Your instructions — In your reply, restate all of the records below word for word.

Records for this task —
---+---

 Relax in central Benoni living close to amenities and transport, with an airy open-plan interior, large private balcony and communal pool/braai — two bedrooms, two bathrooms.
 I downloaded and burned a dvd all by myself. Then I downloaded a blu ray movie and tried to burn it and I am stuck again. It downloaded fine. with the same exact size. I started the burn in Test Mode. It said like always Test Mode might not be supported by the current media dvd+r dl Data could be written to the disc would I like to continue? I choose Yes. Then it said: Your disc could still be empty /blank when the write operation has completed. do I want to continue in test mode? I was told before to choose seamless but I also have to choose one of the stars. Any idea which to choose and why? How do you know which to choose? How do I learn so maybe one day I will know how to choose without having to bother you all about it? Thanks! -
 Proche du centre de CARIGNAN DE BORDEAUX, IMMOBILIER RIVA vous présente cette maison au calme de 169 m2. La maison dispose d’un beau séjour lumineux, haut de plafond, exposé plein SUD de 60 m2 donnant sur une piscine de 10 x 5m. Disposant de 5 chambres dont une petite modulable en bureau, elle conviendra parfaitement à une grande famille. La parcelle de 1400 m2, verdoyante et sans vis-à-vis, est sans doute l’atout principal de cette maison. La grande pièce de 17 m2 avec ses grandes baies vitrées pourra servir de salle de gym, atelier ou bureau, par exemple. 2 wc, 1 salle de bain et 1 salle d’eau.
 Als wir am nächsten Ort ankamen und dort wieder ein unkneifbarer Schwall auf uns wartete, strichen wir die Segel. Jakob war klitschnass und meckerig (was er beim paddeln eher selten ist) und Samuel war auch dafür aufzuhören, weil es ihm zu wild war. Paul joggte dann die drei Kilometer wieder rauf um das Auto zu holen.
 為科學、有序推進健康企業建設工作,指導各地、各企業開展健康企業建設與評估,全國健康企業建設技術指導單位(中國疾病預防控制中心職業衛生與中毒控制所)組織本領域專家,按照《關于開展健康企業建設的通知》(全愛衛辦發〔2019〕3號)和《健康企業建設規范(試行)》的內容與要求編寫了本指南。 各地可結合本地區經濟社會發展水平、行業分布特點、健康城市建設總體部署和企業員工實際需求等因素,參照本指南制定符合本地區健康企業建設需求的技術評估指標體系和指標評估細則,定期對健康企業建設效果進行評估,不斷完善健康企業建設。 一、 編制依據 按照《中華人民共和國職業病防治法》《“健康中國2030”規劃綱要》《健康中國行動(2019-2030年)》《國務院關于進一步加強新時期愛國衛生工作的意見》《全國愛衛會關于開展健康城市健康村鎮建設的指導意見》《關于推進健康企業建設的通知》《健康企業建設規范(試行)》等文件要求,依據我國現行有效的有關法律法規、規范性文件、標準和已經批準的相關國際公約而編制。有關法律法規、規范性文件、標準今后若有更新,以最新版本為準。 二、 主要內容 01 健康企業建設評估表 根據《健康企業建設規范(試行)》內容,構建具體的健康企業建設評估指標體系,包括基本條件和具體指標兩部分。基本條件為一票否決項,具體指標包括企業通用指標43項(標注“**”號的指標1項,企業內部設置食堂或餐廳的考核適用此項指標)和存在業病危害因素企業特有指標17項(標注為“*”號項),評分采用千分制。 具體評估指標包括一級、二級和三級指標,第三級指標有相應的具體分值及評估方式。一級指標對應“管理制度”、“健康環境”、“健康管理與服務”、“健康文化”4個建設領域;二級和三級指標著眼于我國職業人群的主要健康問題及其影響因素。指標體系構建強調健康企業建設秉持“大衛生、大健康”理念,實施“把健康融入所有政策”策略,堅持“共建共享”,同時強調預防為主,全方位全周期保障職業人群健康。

---+---

Task result —
 Relax in central Benoni living close to amenities and transport, with an airy open-plan interior, large private balcony and communal pool/braai — two bedrooms, two bathrooms.
 I downloaded and burned a dvd all by myself. Then I downloaded a blu ray movie and tried to burn it and I am stuck again. It downloaded fine. with the same exact size. I started the burn in Test Mode. It said like always Test Mode might not be supported by the current media dvd+r dl Data could be written to the disc would I like to continue? I choose Yes. Then it said: Your disc could still be empty /blank when the write operation has completed. do I want to continue in test mode? I was told before to choose seamless but I also have to choose one of the stars. Any idea which to choose and why? How do you know which to choose? How do I learn so maybe one day I will know how to choose without having to bother you all about it? Thanks! -
 Proche du centre de CARIGNAN DE BORDEAUX, IMMOBILIER RIVA vous présente cette maison au calme de 169 m2. La maison dispose d’un beau séjour lumineux, haut de plafond, exposé plein SUD de 60 m2 donnant sur une piscine de 10 x 5m. Disposant de 5 chambres dont une petite modulable en bureau, elle conviendra parfaitement à une grande famille. La parcelle de 1400 m2, verdoyante et sans vis-à-vis, est sans doute l’atout principal de cette maison. La grande pièce de 17 m2 avec ses grandes baies vitrées pourra servir de salle de gym, atelier ou bureau, par exemple. 2 wc, 1 salle de bain et 1 salle d’eau.
 Als wir am nächsten Ort ankamen und dort wieder ein unkneifbarer Schwall auf uns wartete, strichen wir die Segel. Jakob war klitschnass und meckerig (was er beim paddeln eher selten ist) und Samuel war auch dafür aufzuhören, weil es ihm zu wild war. Paul joggte dann die drei Kilometer wieder rauf um das Auto zu holen.
 為科學、有序推進健康企業建設工作,指導各地、各企業開展健康企業建設與評估,全國健康企業建設技術指導單位(中國疾病預防控制中心職業衛生與中毒控制所)組織本領域專家,按照《關于開展健康企業建設的通知》(全愛衛辦發〔2019〕3號)和《健康企業建設規范(試行)》的內容與要求編寫了本指南。 各地可結合本地區經濟社會發展水平、行業分布特點、健康城市建設總體部署和企業員工實際需求等因素,參照本指南制定符合本地區健康企業建設需求的技術評估指標體系和指標評估細則,定期對健康企業建設效果進行評估,不斷完善健康企業建設。 一、 編制依據 按照《中華人民共和國職業病防治法》《“健康中國2030”規劃綱要》《健康中國行動(2019-2030年)》《國務院關于進一步加強新時期愛國衛生工作的意見》《全國愛衛會關于開展健康城市健康村鎮建設的指導意見》《關于推進健康企業建設的通知》《健康企業建設規范(試行)》等文件要求,依據我國現行有效的有關法律法規、規范性文件、標準和已經批準的相關國際公約而編制。有關法律法規、規范性文件、標準今后若有更新,以最新版本為準。 二、 主要內容 01 健康企業建設評估表 根據《健康企業建設規范(試行)》內容,構建具體的健康企業建設評估指標體系,包括基本條件和具體指標兩部分。基本條件為一票否決項,具體指標包括企業通用指標43項(標注“**”號的指標1項,企業內部設置食堂或餐廳的考核適用此項指標)和存在業病危害因素企業特有指標17項(標注為“*”號項),評分采用千分制。 具體評估指標包括一級、二級和三級指標,第三級指標有相應的具體分值及評估方式。一級指標對應“管理制度”、“健康環境”、“健康管理與服務”、“健康文化”4個建設領域;二級和三級指標著眼于我國職業人群的主要健康問題及其影響因素。指標體系構建強調健康企業建設秉持“大衛生、大健康”理念,實施“把健康融入所有政策”策略,堅持“共建共享”,同時強調預防為主,全方位全周期保障職業人群健康。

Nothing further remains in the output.